Search code examples
reinforcement-learningq-learning

Can I design a non-deterministic reward function in Q-learning?


In the Q-learning algorithm, there is a reward function that rewards the action taken on the current state. My question is can I have a non-deterministic reward function that is affected by the time when an action on a state is performed.

For example, suppose the reward for an action taken on a state at time 1PM is r(s,a). After several iterations (suppose now at 3PM), the system touches the same state and performs the same action as it did at 1PM. Should the reward given at 3PM must be the same as the one given at 1PM? Or the reward function can be designed by taking time into consideration (i.e., the reward given on the same state and the same action but at different time can be different).

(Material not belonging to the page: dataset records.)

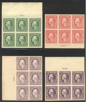 Scott #481-84 (no #482A): 1c - 3c Imperfs Centering & Condition: Mint. Fresh. Very Fine set of Plate Blocks. Reverse (Gum Side): Original gum. Never Hinged. Faults / Imperfections: None The item pictured is the actual item you are purchasing, unless otherwise noted. I also offer an interest-free layaway plan. Ask me about it!" All items will be mailed a day or two after payment is received. --------------------------------------------------------------------------------
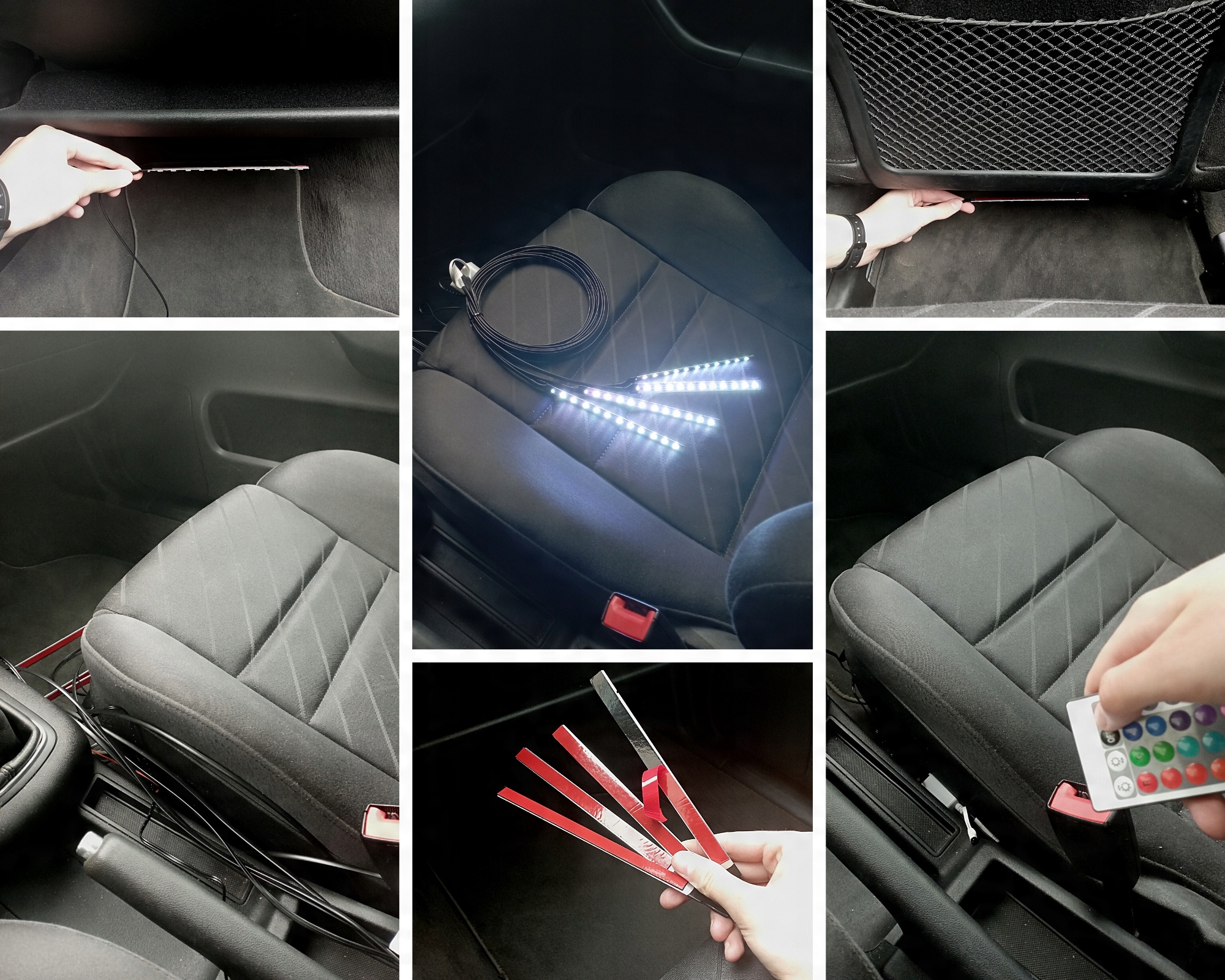 - Набор из 6 алюминиевых RGB лент длиной 16 см каждая + 50 см для багажника.
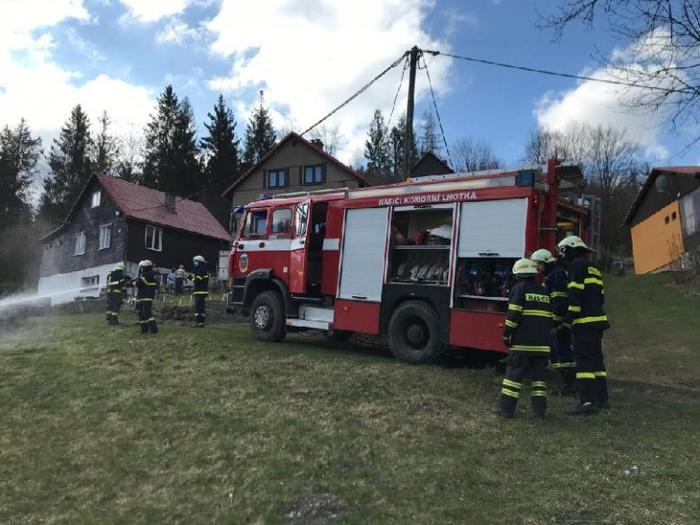 Jednotka SDH Komorní Lhotka vyjížděla k hlášenému požáru. Po příjezdu na místo zásahu byl požár majitelem již uhašen. Při průzkumu bylo zjištěno, že se v objekt v místě požárů nachází propanbutanová láhev, která byla jednotkou okamžitě vynesena na louku a začalo její ochlazování vysokotlakým proudem. Místnost byla odvětrána všemi otevřenými okny a proběhla kontrola požářiště, kde nebyla nalezena žádná další skrytá ohniska. Po příjezdu HZS z Nošovic byla chata přeměřena detektorem. Poté se jednotky vrátily zpět na své základny. Čas: 9:34 - 10:37 hod.. Zasahovali: Molin Tomáš, Lafek Jan, Majer Aleš, Sabela Andrzej, Santarius Jaroslav, Hampel Martin, Čolig Pavel, Kot Lukáš, Molin Jan
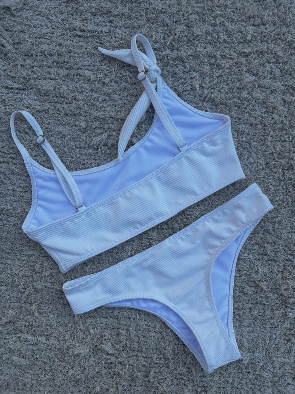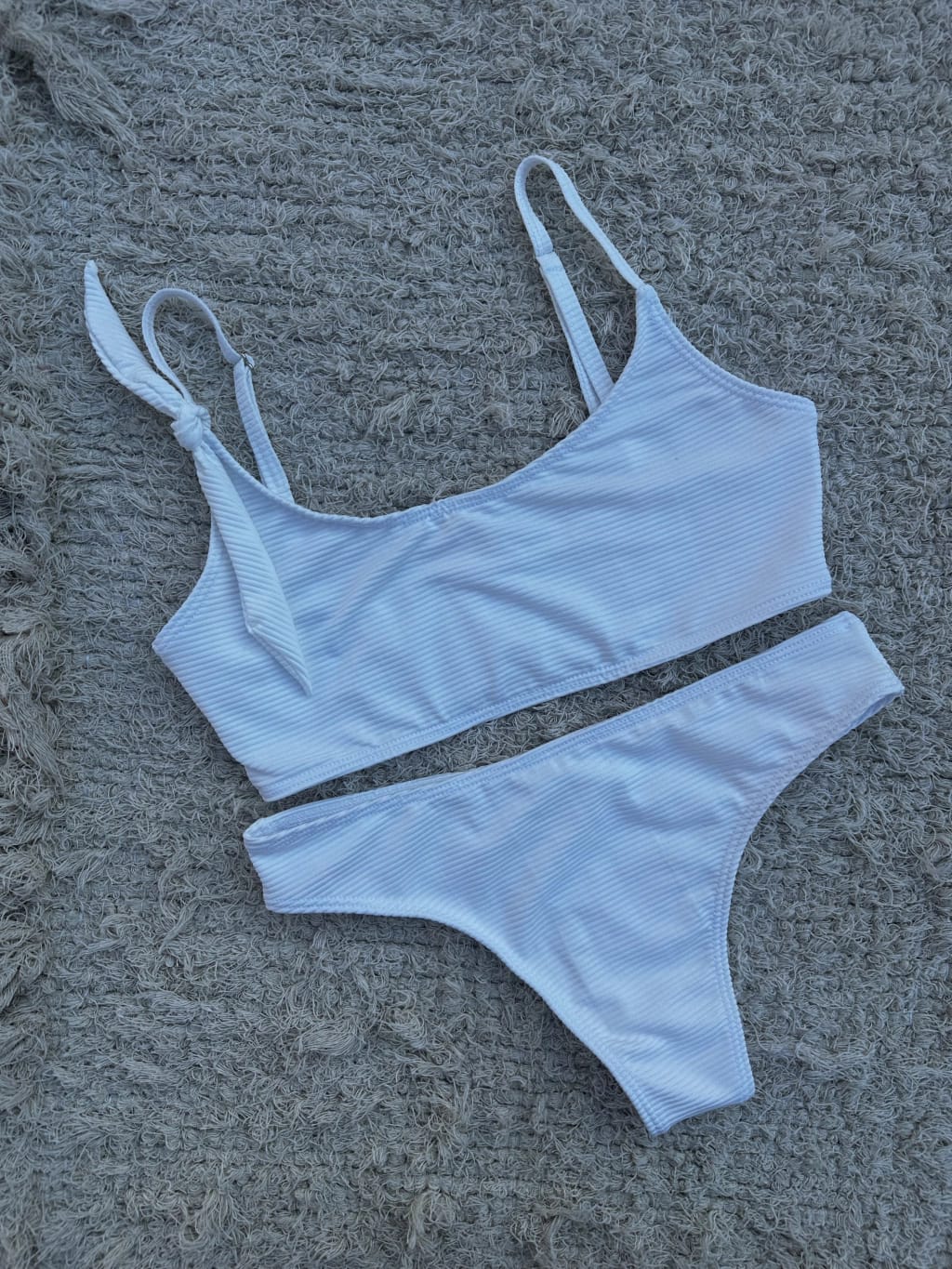 Corpiño top. Breteles regulables. Sin tazas. Incluye lazo desmontable, para atar en el centro.
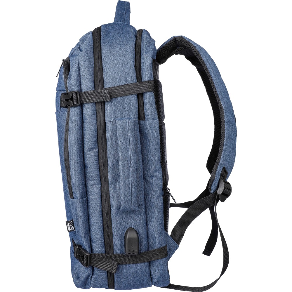 rPET polyester (300D) backpack and laptop bag (17 inch) with 210D lining inside. Cabin-proof. With carrying loop on top and sides. Velcro laptop compartment, anti-theft pocket, and two large zippered compartments. Ventilated padded backing, trolley strap, closing buckles, and USB-A port on the side. With side buckles to keep the luggage compact. Carrying weight approx. 12 kg. Includes rPET label.
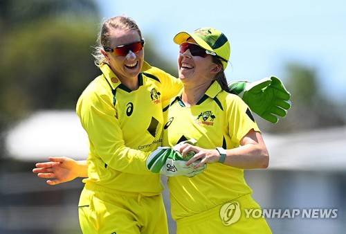 epa09478613 Alyssa Healy (L) and Georgia Wareham (R) of Australia react after the dismissal of India batsman Deepti Sharm for 9 runs on Day 1 of the Women’s First One Day International (ODI) match between Australia and India at Great Barrier Reef Stadium in Mackay, Australia, 21 September 2021. EPA/DAVE HUNT IMAGES TO BE USED FOR NEWS REPORTING PURPOSES ONLY, NO COMMERCIAL USE WHATSOEVER, NO USE IN BOOKS WITHOUT PRIOR WRITTEN CONSENT FROM AAP AUSTRALIA AND NEW ZEALAND OUT

Above is the question I want to ask, and one more thing I want to say is I don't want to treat time as a characteristic of a state. It is because in this case none of the state can be the same (time is always increasing).


Solution

  • My first though was your last sentence, i.e., to include the time as part of the state. As you said, time is always increasing, but it is also cyclical. So, maybe your reward function could depend on some repetitive feature of time. For example, everyday is 3PM at some point.

    On the other hand, the reward function could be stochastic, there is no limitation to deterministic functions. However, take into account that the policy will tend to optimize the expected returns. Therefore, if your agent is obtaining a totally different reward each time it visits the same [state, action] pair, probably there is something wrong in the way you are modelling your environment.